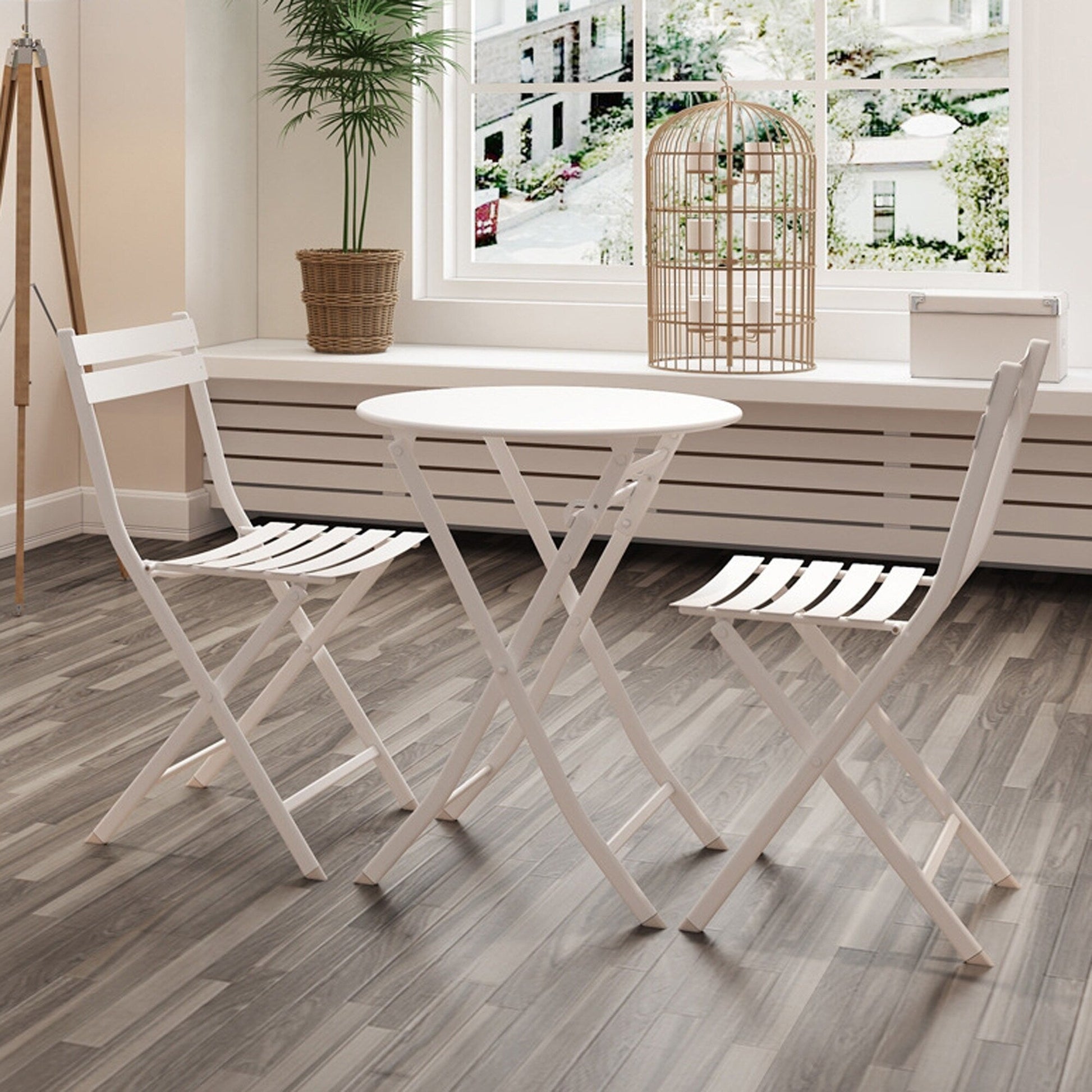 Ensemble bistro minimaliste de patio 3 pièces avec table ronde pliable et chaises - Ensemble bistro de patio 3 pièces
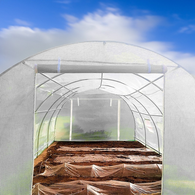 Dzięki możliwości odsłaniania okien z moskitierą, możemy bardziej kontrolować nasze uprawy. W razie potrzeby, możemy zwiększyć ilość wpadającego światła. Otwarte okna pozytywnie wpływają na cyrkulację powietrza i kontrolę temperatury wewnątrz tunelu. Gorące powietrze, które jest lżejsze, unosi się ku górze i ulatuje przez odsłonięte okna, co zapewnia optymalne warunki dla naszych upraw.
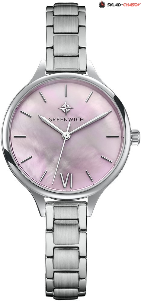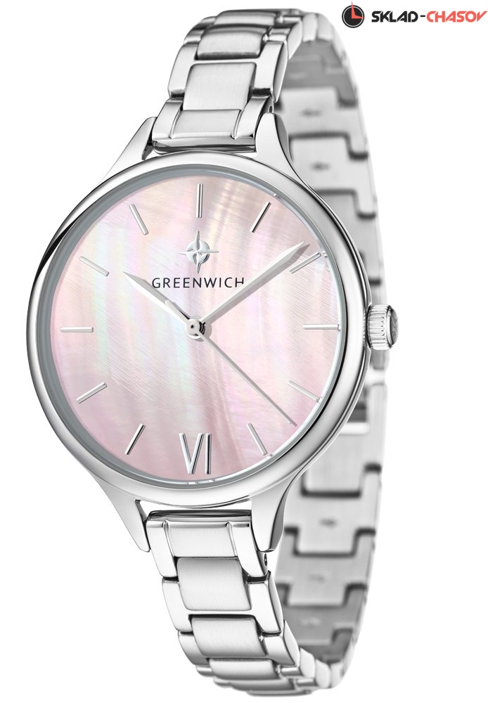 Задняя крышка часов украшена изображениями «розы ветров» и корабля, который является символом марки Greenwich.
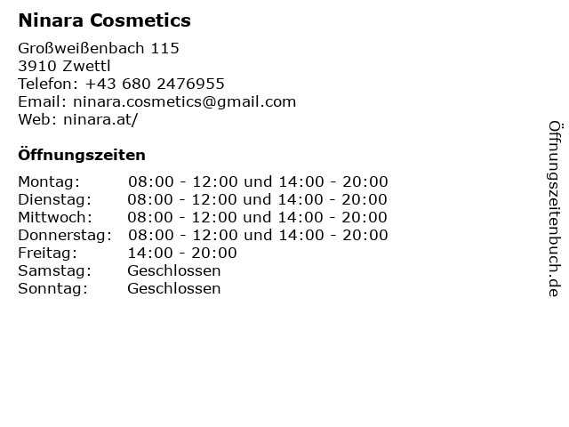 | Öffnungszeiten Ninara Cosmetics in Zwettl anzeigen | |
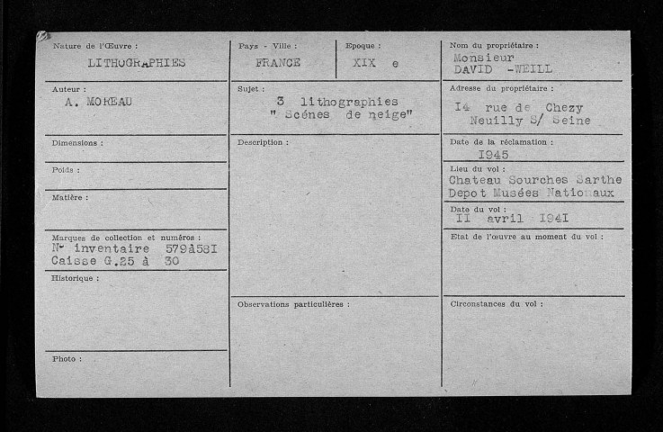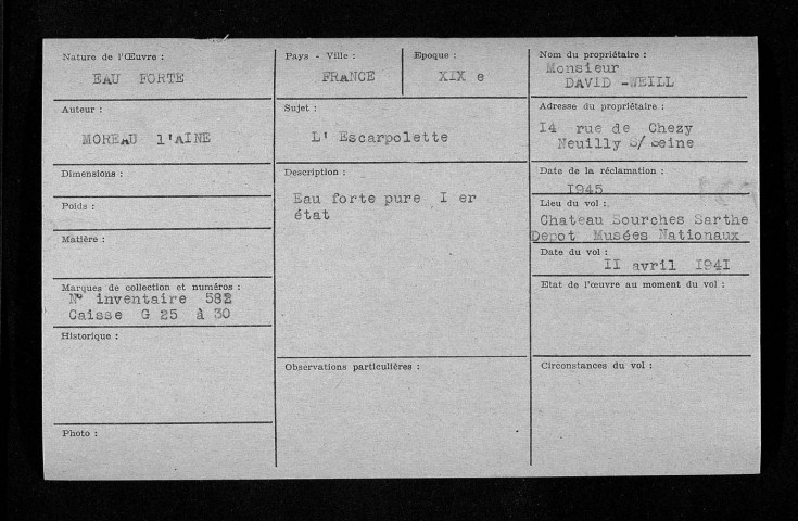 Les fichiers d'œuvres spoliées (série « Fichiers », cotée 209SUP/738-887) ont été établis d'après les déclarations de victimes ou d'après la listes des biens retrouvés en Allemagne et en Autriche.

> **Task to complete**: For this exercise, please set down exactly the lines of the listing above from the line with "Dzięki możliwości odsłaniania" up to and including the line with "anzeigen | |", and no pictures.

> **Exercise response**:
 Dzięki możliwości odsłaniania okien z moskitierą, możemy bardziej kontrolować nasze uprawy. W razie potrzeby, możemy zwiększyć ilość wpadającego światła. Otwarte okna pozytywnie wpływają na cyrkulację powietrza i kontrolę temperatury wewnątrz tunelu. Gorące powietrze, które jest lżejsze, unosi się ku górze i ulatuje przez odsłonięte okna, co zapewnia optymalne warunki dla naszych upraw.
 Задняя крышка часов украшена изображениями «розы ветров» и корабля, который является символом марки Greenwich.
 | Öffnungszeiten Ninara Cosmetics in Zwettl anzeigen | |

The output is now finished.